_EXERCISE OBJECTIVE_
Please output exactly the lines from the one that holds "Tổng Bí thư" through the final line of the data, and nothing else; leave out any pictures.

_Dataset items_

━━━━━━━━━━━━━━━━━━━━━━━━━━━━━━

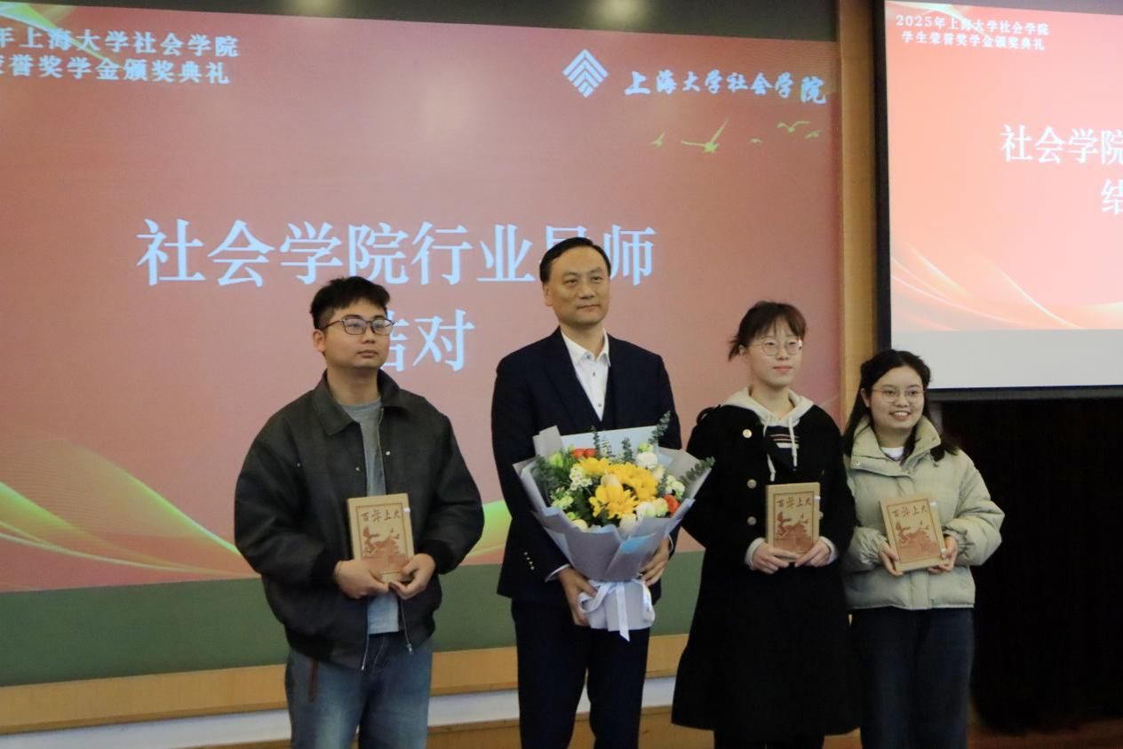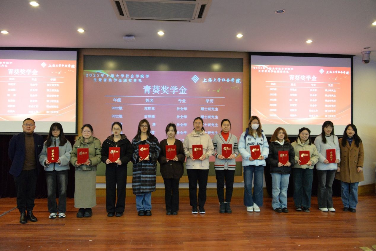 邬亦波、程明明两位嘉宾为热孜亚木·买买提、艾克达·阿力木、赖清等18位同学颁发社会学院青葵奖学金证书。
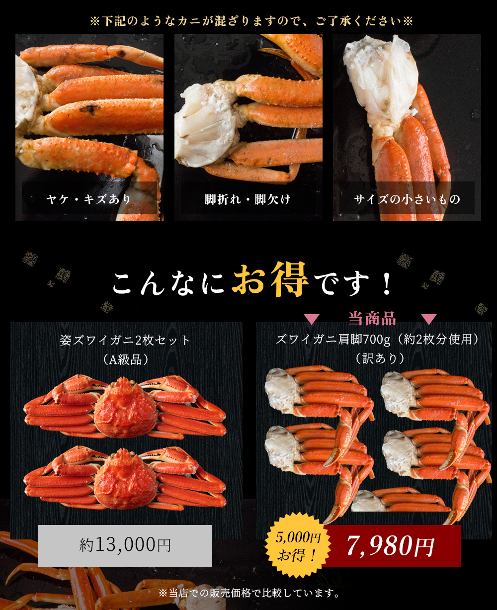 食べ応えのあるズワイガニの脚肉・肩肉のみを詰め合わせました。約2匹分のカニを使用しておりボリュームも満点、ご自宅用として大変お得なセットです。そのままはもちろんカニ鍋や焼きガニ等、心ゆくまでご堪能ください。
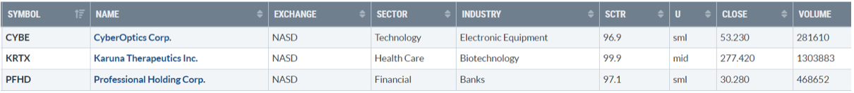 Di seguito i titoli che hanno creato un nuovo massimo a 52 settimane, e stanno sovraperformando l’indice di riferimento S&P500.
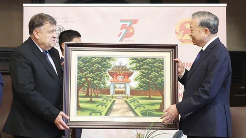 Tổng Bí thư Tô Lâm tặng Hiệu trưởng Trường Đại học Sofia Georgi Valchev bức tranh lưu niệm. Ảnh: TTXVN
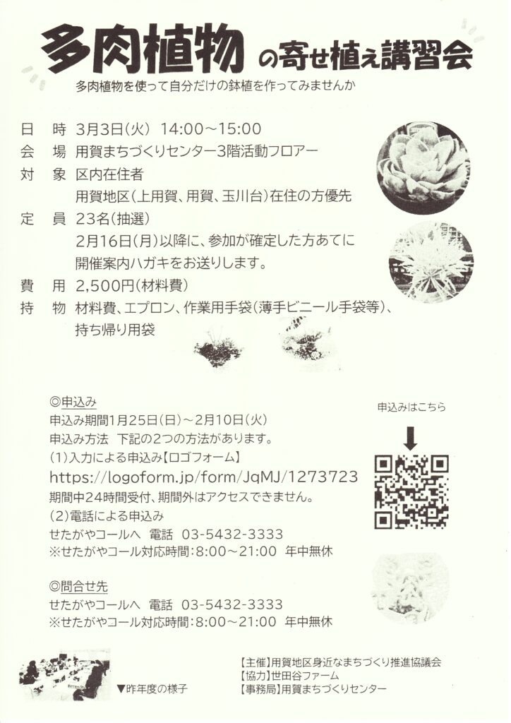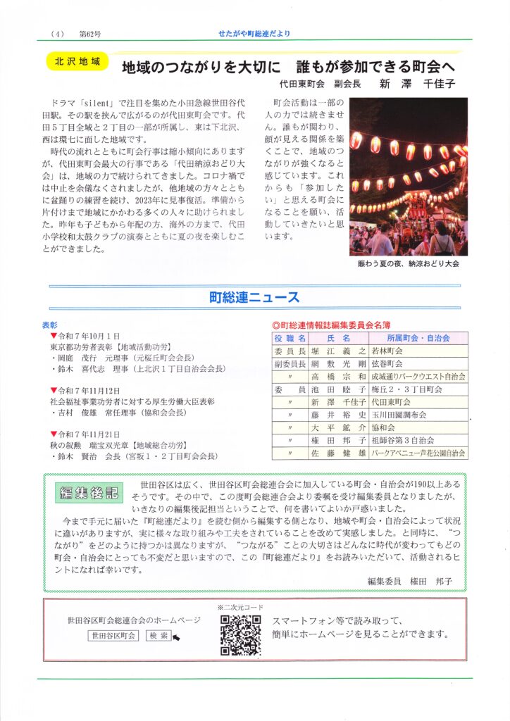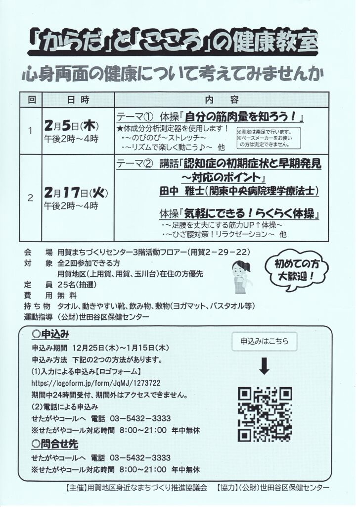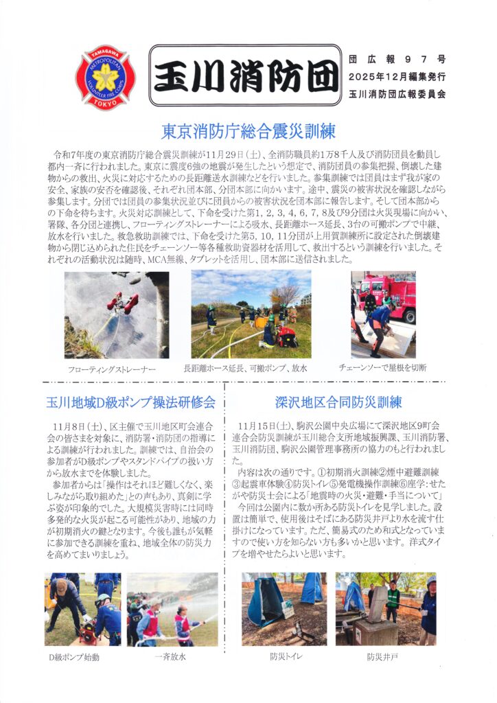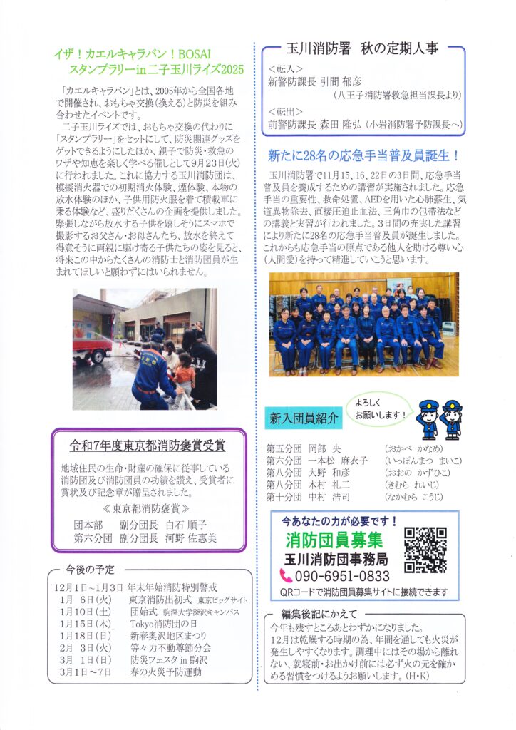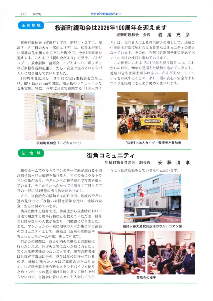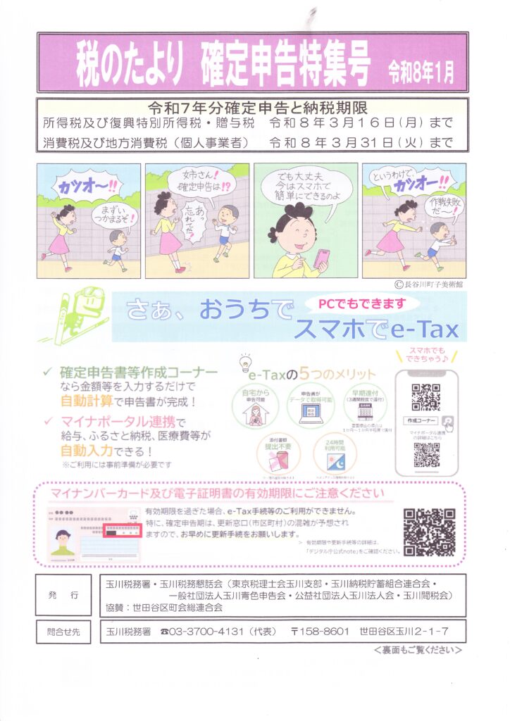 回覧板(2026年1月9日配布) 2026 1/13 回覧板 2026年1月13日 目次「からだ」と「こころ」の健康教室 用賀地区身近なまちづくり推進協議会 ふれあいサービス協力会員登録説明会 玉川地域社会福祉協議会 多肉植物の寄せ植え講習 用賀地区身近なまちづくり推進協議会 玉川消防団 団広報97号 税のたより 確定申告特集号 令和8年1月 玉川税務署・玉川税務懇談会 せたがや町総連だより 第62号 世田谷区町会総合連合会 回覧板

━━━━━━━━━━━━━━━━━━━━━━━━━━━━━━

_FINISHED EXERCISE_
 Tổng Bí thư Tô Lâm tặng Hiệu trưởng Trường Đại học Sofia Georgi Valchev bức tranh lưu niệm. Ảnh: TTXVN
 回覧板(2026年1月9日配布) 2026 1/13 回覧板 2026年1月13日 目次「からだ」と「こころ」の健康教室 用賀地区身近なまちづくり推進協議会 ふれあいサービス協力会員登録説明会 玉川地域社会福祉協議会 多肉植物の寄せ植え講習 用賀地区身近なまちづくり推進協議会 玉川消防団 団広報97号 税のたより 確定申告特集号 令和8年1月 玉川税務署・玉川税務懇談会 せたがや町総連だより 第62号 世田谷区町会総合連合会 回覧板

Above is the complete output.